Transparency in government hasn't extended to health care reform. Politicians in both the executive and legislative branches talk about reform, but just how it's going to be done hasn't trickled down to the masses. All we know is that the system is broken. All we're told is that it's going to be reformed by the end of the year while there's still political capital, or momentum, to do it. Anyone who questions how health care should be reformed is labeled as a fear monger, deceitful, or defender of the status quo.
Some of the most-balanced information--provided by both liberal and conservative thinkers--I've found about health care reform is here.
If you're looking for the brand of change advocated by ACORN, AFL-CIO, AFSCME, Americans United for Change, Campaign for America’s Future, Center for American Progress Action Fund, Campaign for Community Change, Children’s Defense Fund Action Council, Communications Workers of America, MoveOn.org, NAACP, National Council of La Raza, National Education Association, National Women’s Law Center, SEIU, UFCW, USAction, and Working America, go to this site. It's utopian plus being quick and painless.

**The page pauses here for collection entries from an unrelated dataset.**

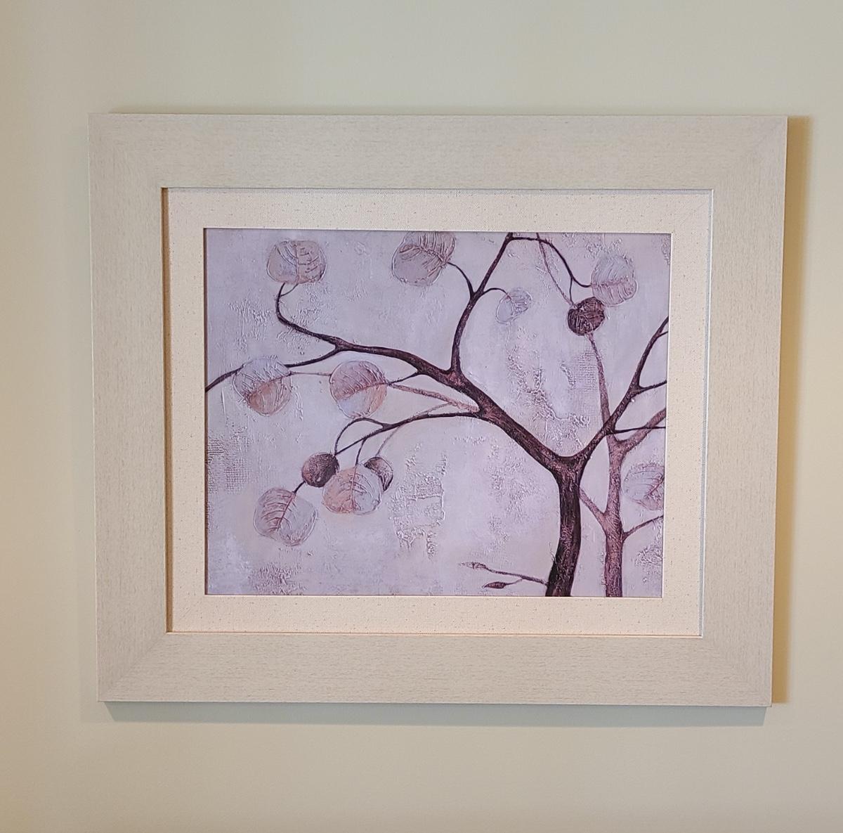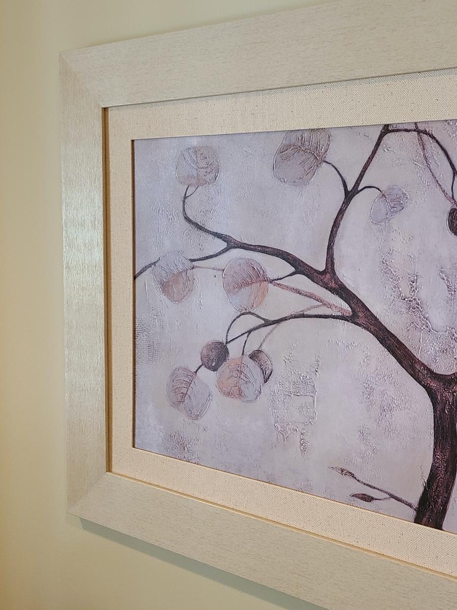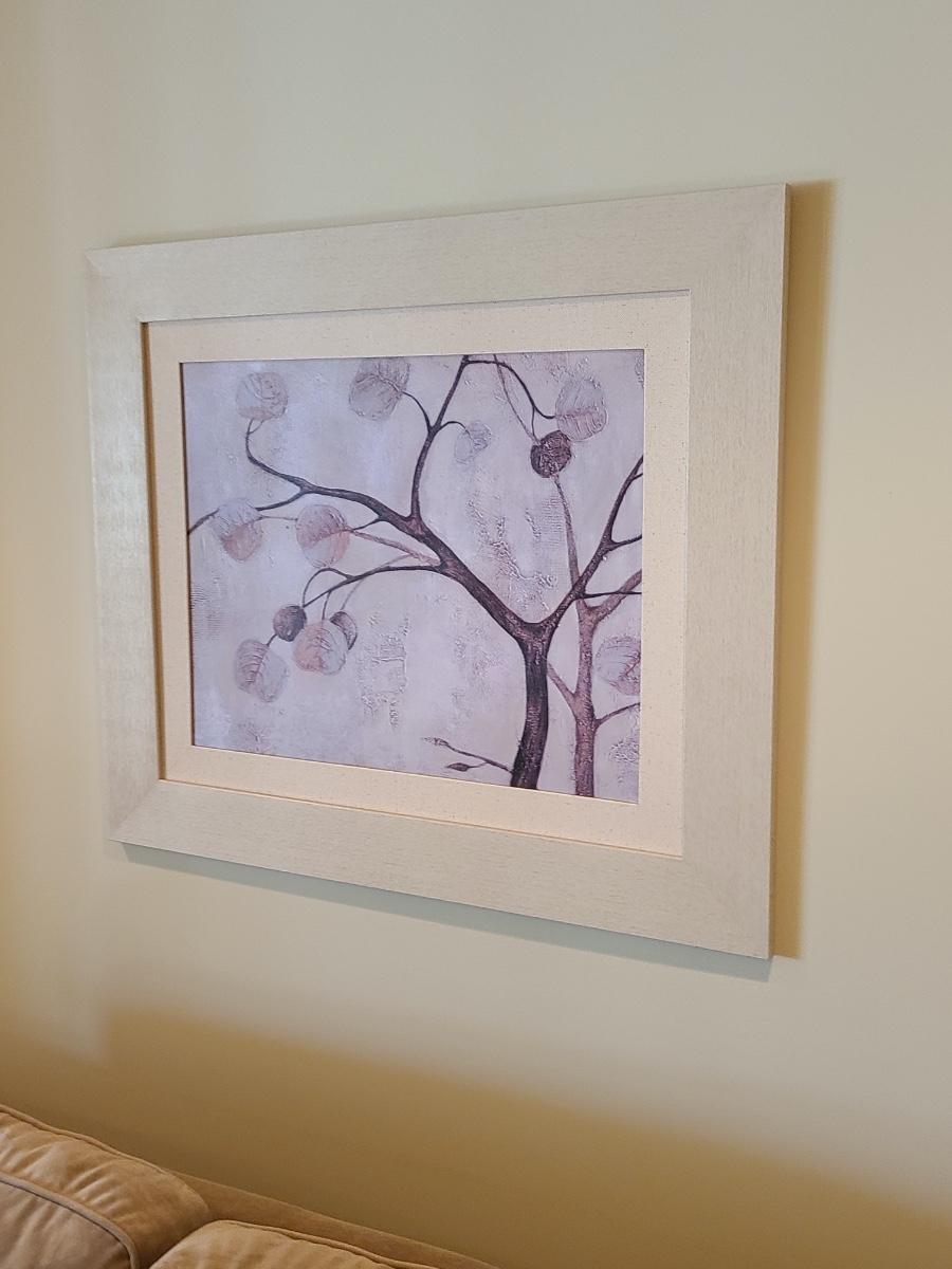 34 x 28. Soft tree branches, not under glass. Framed. The pictures show condition, measurements if taken, and what is included in the lot. Due to the large amount that we photograph and the time frame, we are not always able to take measurements. All items unless noted, are pre-owned and have been used. If you purchased furniture, you must bring help. We do not allow one person to carry large furniture out on their own. Bring help, tools and a truck for the safety of our client’s homes, and your personal safety. Any damages that result to the property including walls, and floors due to moving of the furniture will be charged to the buyer. Company policy. Thank you.
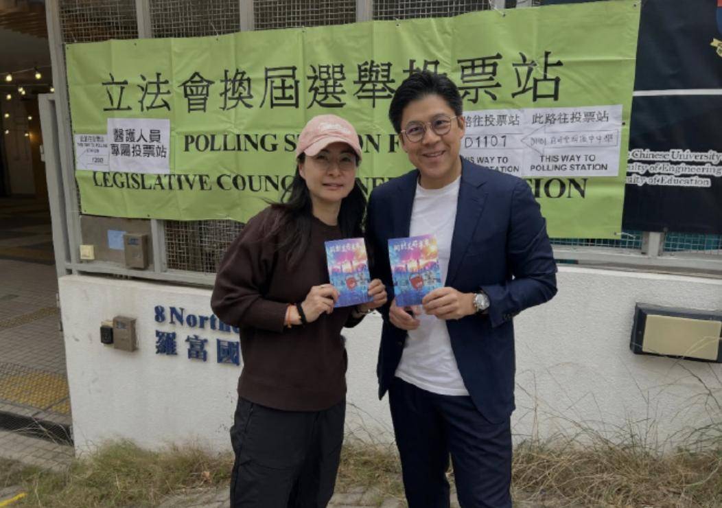 除了四大家族,其他富豪家族也在当天现身。霍英东家族就显得更有话题性,因为霍启刚是这次选举的参选人之一,他寻求连任,最近一直在跑宣传,妻子郭晶晶全力支持。投票日当天,郭晶晶刚从内地返港,就直接和丈夫一起到票站,夫妻俩并肩出现,显得很亲密。霍启刚当天还直播,号召更多人参与投票,弟弟霍启山也身体力行,用行动表态支持。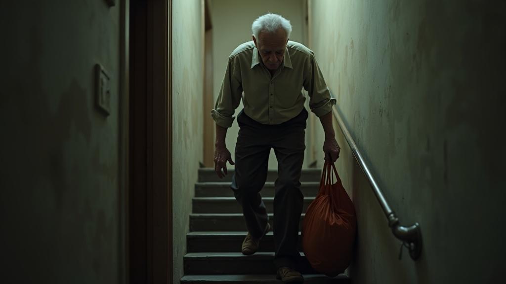 Богдан посмотрел вниз и увидел Григория, который медленно поднимался по лестнице, крепко держась обеими руками за перила и таща за собой хозяйственную сумку на колёсиках. Подъём давался ему с трудом: несколько ступенек — остановка, опора на перила, передышка. Лицо налилось краской от напряжения, дыхание было прерывистым и тяжёлым — слышно даже этажом выше.

There are some potential reforms not advanced by the president and Democratic members of Congress such as tort reform, moving the U.S. toward a stronger dollar that buys more, and letting the basic economic laws of supply and demand work. Who pays Medicare write-offs, a prime example of government price fixing? We all do. Costs for services not covered by Medicare go up. Any person who pays out of pocket or participates in a private health-care insurance program makes up the gap. When any person buys goods or services from a corporation or small business, they pay more for those items in order to cover the hike in health-care costs paid by those employers. If those higher costs can't be met by price increases, businesses close or move elsewhere where costs are less.
The U.S. health-care system does resemble one of my father's patched-together, stop-gap fences. It does need reform. Some "reforms" have already been tried--they aren't change. Keeping the nation's rapidly growing debt in mind, government's past reform efforts have failed. I'm indeed a cynic when it comes to blindly trusting the president or any members of Congress, Republican or Democratic, to pull it off before 2010. The only fix I can be optimistic about is to reduce government price meddling and regulation (Can you imagine just what the paper costs that health care providers give us to comply with HIPAA?) so that the laws of supply and demand work.
Reform starts with the individual. If the true costs of going to the doctor, not exercising, drinking sugar-loaded soft drinks, smoking, and all the pills the medicos push become evident, an individual will be at liberty to spend less and live better. That's true change.